All new games have 64-bit support. I'm not sure, but I think Windows 7's XP compatibility mode also emulates a 32-bit architecture at well. So there's really no debate, at all.


----------



## andrubruer (Aug 13, 2008)

Excellent. Well I was wanting to go with 8GB of memory, but obviously I would only do so if I was to use a 64-bit platform. Thank you for your response.


----------



## Phædrus241 (Mar 28, 2009)

No problem. Keep in mind though that most of that 8GB of memory will go to waste. You will virtually never see more than ~3-3.5GB of memory usage during normal gameplay. The only time I've ever run out of memory with 4GB in normal use was when playing Psychonauts, because the PC port of that game has horrible memory leaks (there's a pun there, btw).


----------



## Indoril Nerevar (Jan 7, 2006)

I've been using 64-bit Windows 7 for quite some time now, and haven't had any trouble running games, regardless of age (from a 64-bit point of view). Older games still have trouble simply because they weren't designed to run on Windows 7, but that's got nothing to do with it being 64-bit. Crysis, Crysis Warhead, Supreme Commander, Neverwinter Nights 2, Oblivion, Titan Quest, BFME2, Fallout 3, all my Steam games... all work fine.

Windows 7 64-bit really is an excellent platform for running games.


----------



## Zealex (Nov 30, 2008)

I think most programs will start switching to 64 bit. 32 bit is getting old, I don't think I was alive for the 16 bit operating systems  Maybe one day I'll see a 128 bit OS :grin:. But win7 x64 is great, all my 32 bit programs ran on it.


----------



## McNinja (Jun 22, 2008)

32 bit was first seen Windows 95, so yea its old. About time that people should change over to a 64 bit OS.


----------



## Zealex (Nov 30, 2008)

I hope in the future it will just be one instead of two choices.

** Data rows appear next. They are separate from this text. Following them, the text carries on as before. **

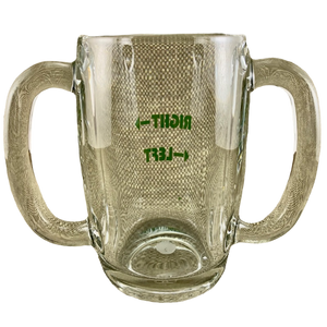This is a heavy glass mug with double handles.
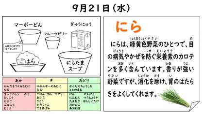 9月21日(水)今日の給食
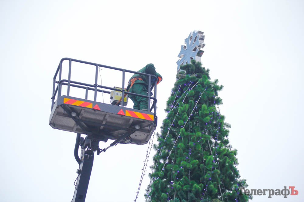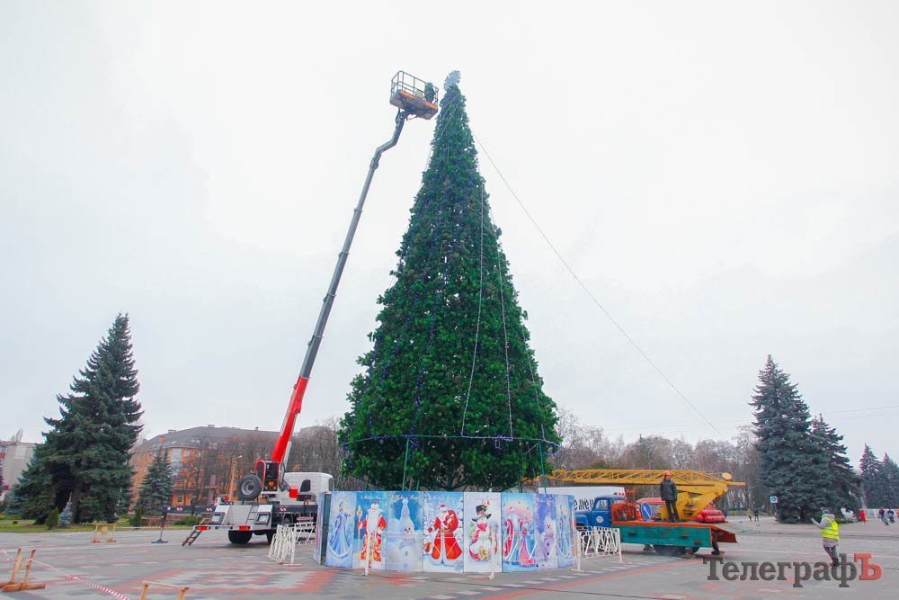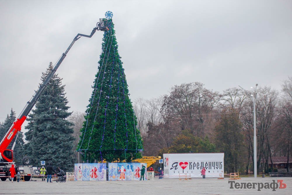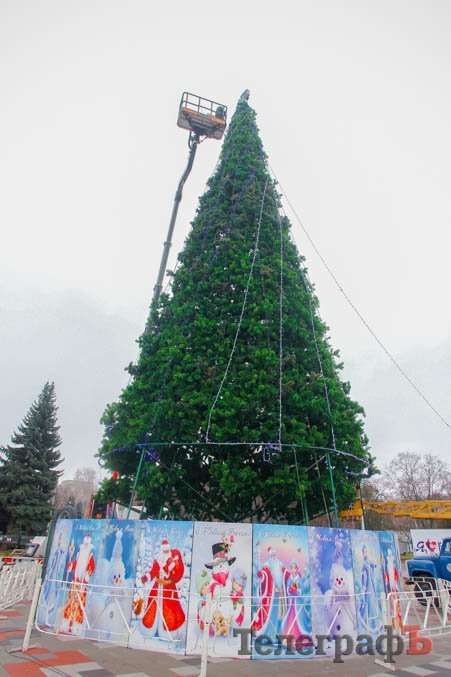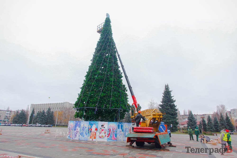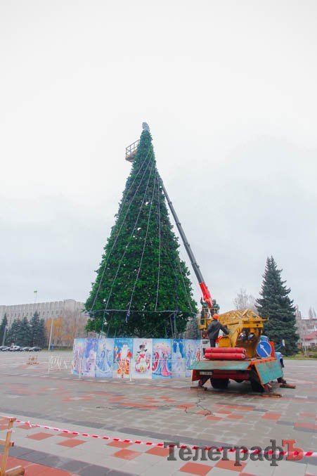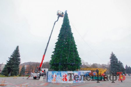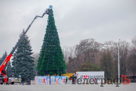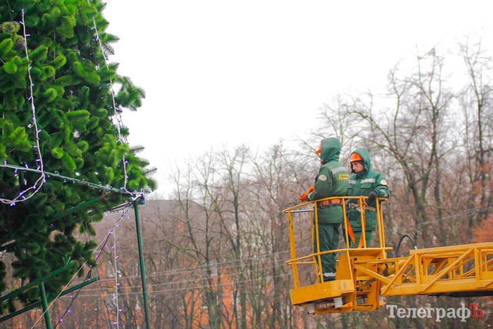 В пятницу, 24 ноября, коммунальники уже почти закончили устанавливать ветки у будущего главного украшения Кременчуга.
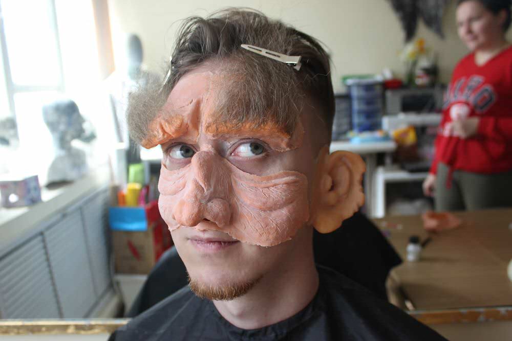 Когда все готово, создатель образа «бровастого старичка» – Дмитрий Дягилев, режиссер театра «Свой», приступает к экзаменационной работе. Секрет достижения максимального реализма кроется в аккуратности, каждый миллиметр накладки получает особое внимание.
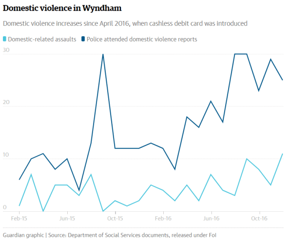 The cashless debit card was launched in Kimberley in April 2016. Ceduna joined the tryout around the same time. And here is the crime rate chart in the Kimberley community of Wyndham since the cards were introduced.
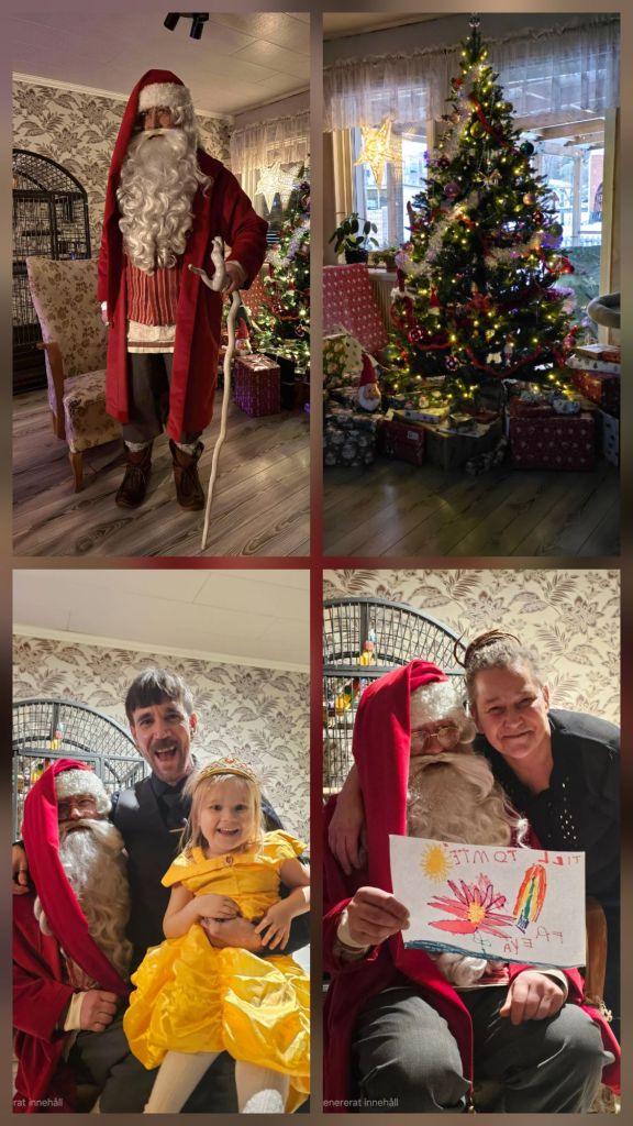 Vi var Rasmus, Savannah, mamma, Marianne, Jonathan, Nette, Freya, jag och Danne. Emil hann oxå komma till middagen. Han hade jobbat. Dennis och Alicia skulle ha kommit till tomten kl 18 men de hann inte så de kom efteråt. Men det spelade kanske ingen roll för Alicia, det var nog julklapparna som var det viktigaste 🙂

That way everything is for one. Hopefully next windows release will be just 64 bit. With x64 some programs might not work(I think thunderbird doesn't that mozilla email thing) but I assume they will become 64 bit compatible. Oh yeah just make sure your CPU supports 64 bit, if you need help with that just post the make and model here.


----------



## McNinja (Jun 22, 2008)

Any CPU that is made after 2005 should support 64 bit. All of the hardware out there is good to go for 64 bit its just that some companies are really slow on the uptake. I say if the company doesn't support 64 bit leave them in the dust and tell your friends too. Its time to force companies to comply to the masses.


----------



## andrubruer (Aug 13, 2008)

I went with Windows 7 Home Premium x64. First game I installed was CoD4 Modern Warfare, and everything works like a charm. Running an Intel Q9650 3.0GHz o.c.'ed to 3.2GHz, 8GB memory, EVGA GeForce GTX 295, two plain SATAII hard drives in RAID 0. I really like the hell out of Win7. Can't wait until Modern Warfare 2 comes out. Thanks again for all the replies.


----------